Decision Theory
Decision theory is the science of rational choice in situations in which there is uncertainty about the outcome. Rational choice theory asserts that individuals whose behavior satisfies a few plausible conditions (such as transitivity, which means that if A is preferred to B and B is preferred to C, then A is preferred to C) will behave as though they are maximizing a preference function defined over the choice outcomes. For instance, consider an agent with the preference function u(a, n) defined over two goods, Apples and Nuts, and with an amount of money M to spend. Thus, u(2, 5) is the "utility" the agent derives from consuming two apples and five nuts (for this reason, economists call a preference function a utility function).

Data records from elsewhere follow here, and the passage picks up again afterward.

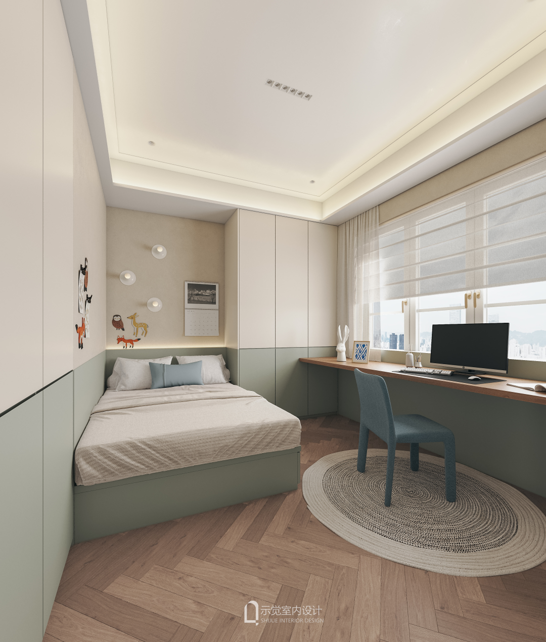 儿童房绿色,米色上下分色设计,和客餐厅的暖色系协调整体,又多了一丝儿童房的趣味。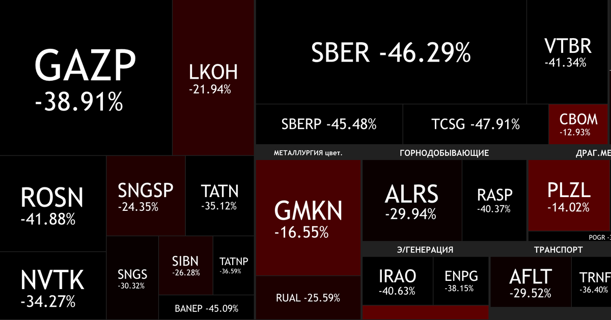 По состоянию на 15:58 индекс Мосбиржи теряет почти 33%, индекс РТС — более 36%. Сильнее рынка просели акции «Сбера» — котировки банка опустились на 48%, до ₽107 на акцию. Бумаги «Газпрома», «Роснефти» и «Лукойла» снижаются в пределах 40%. Сдерживающий эффект оказывает приостановка торгов на биржах — торговые площадки работают в режиме дискретного аукциона. Котировки российских компаний на Лондонской бирже демонстрируют более существенное снижение — депозитарные расписки «Сбера» на открытии торгов подешевели более чем на 70%, до $2,45 за бумагу. В РБК отметили, что сегодняшнее падение фондовых индикаторов стало рекордным в истории российского рынка. В моменте обвал индекса Мосбиржи достигал 45%, индекса РТС — почти 50%. Интервеции ЦБ В ходе утренних торгов доллар дорожал до ₽89,6, а евро — до ₽99,99. Банк России, впервые с 2014 года объявил о начале собственных валютных интервенций. Чтобы стабилизировать ситуацию на рынке и ослабить давление на рубль ЦБ начал продавать иностранную ва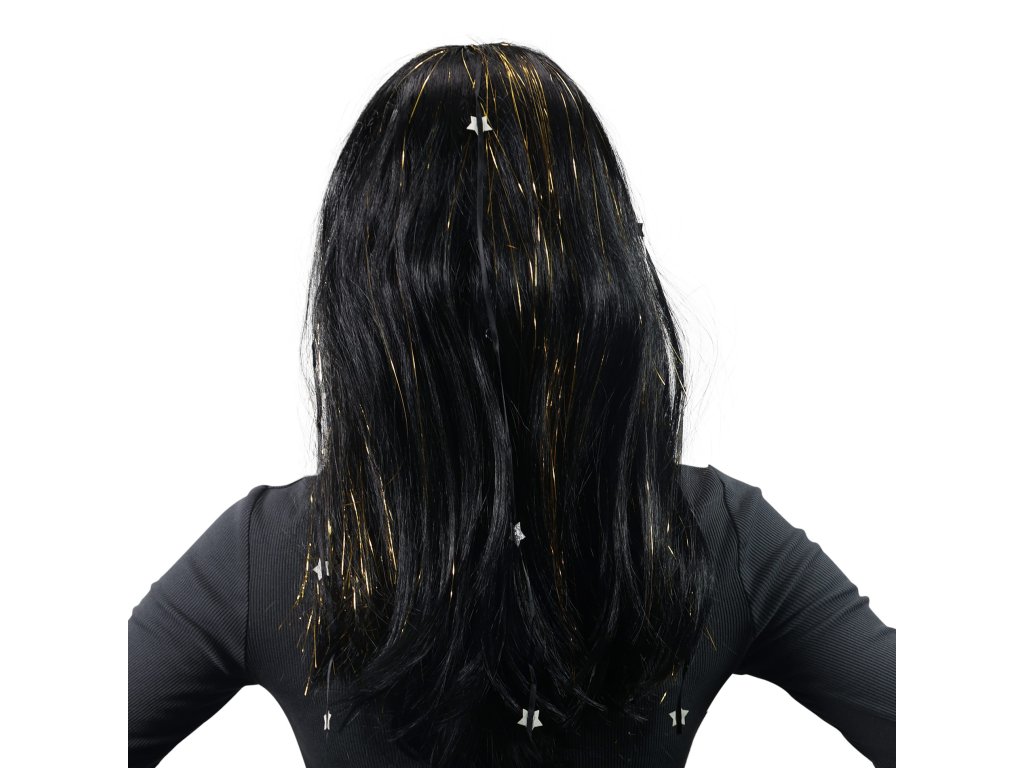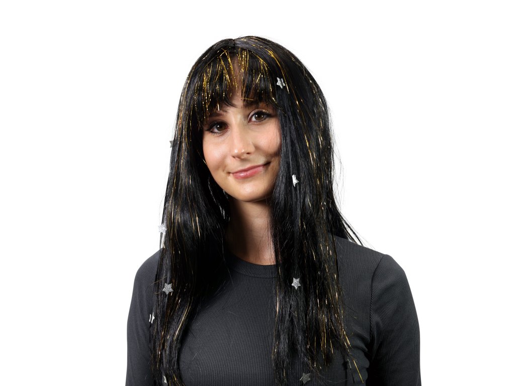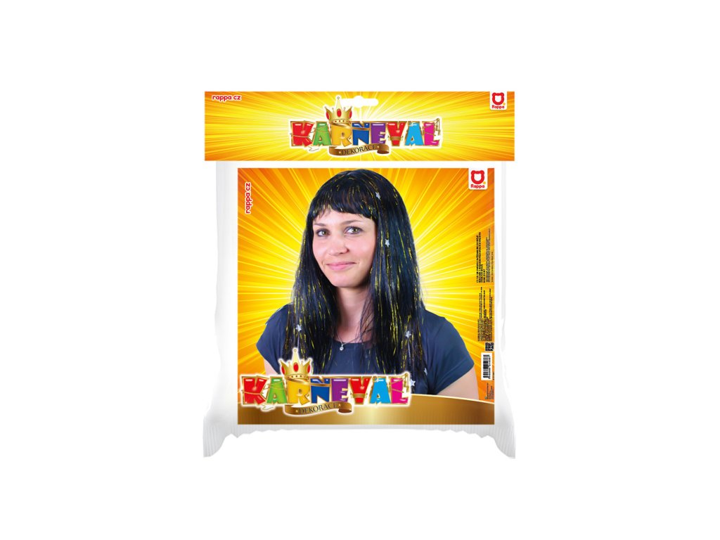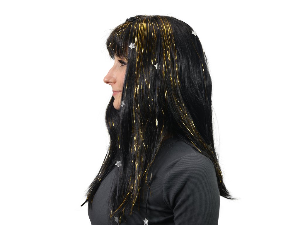 Karnevalová paruka v černé barvě je zdobená zlatými vlásky a stříbrnýma hvězdičkama. Perfektní doplněk na karneval nebo párty!

If the prices of Apples and Nuts are pa and pn, the individual will choose the amount of Apples a and the amount of Nuts n that will maximize u(a, n), subject to the constraint that the total cost is not greater than M (i.e., paa + pnn ≤ M ). Decision theory deals with such choices when there is uncertainty regarding the amount of Apples and Nuts that will be delivered.
Decision theory relies on probability theory, the development of which began in the seventeenth and eighteenth centuries, associated with scholars such as Blaise Pascal (1623–1662), Daniel Bernoulli (1700–1782), and Thomas Bayes (1702–1761).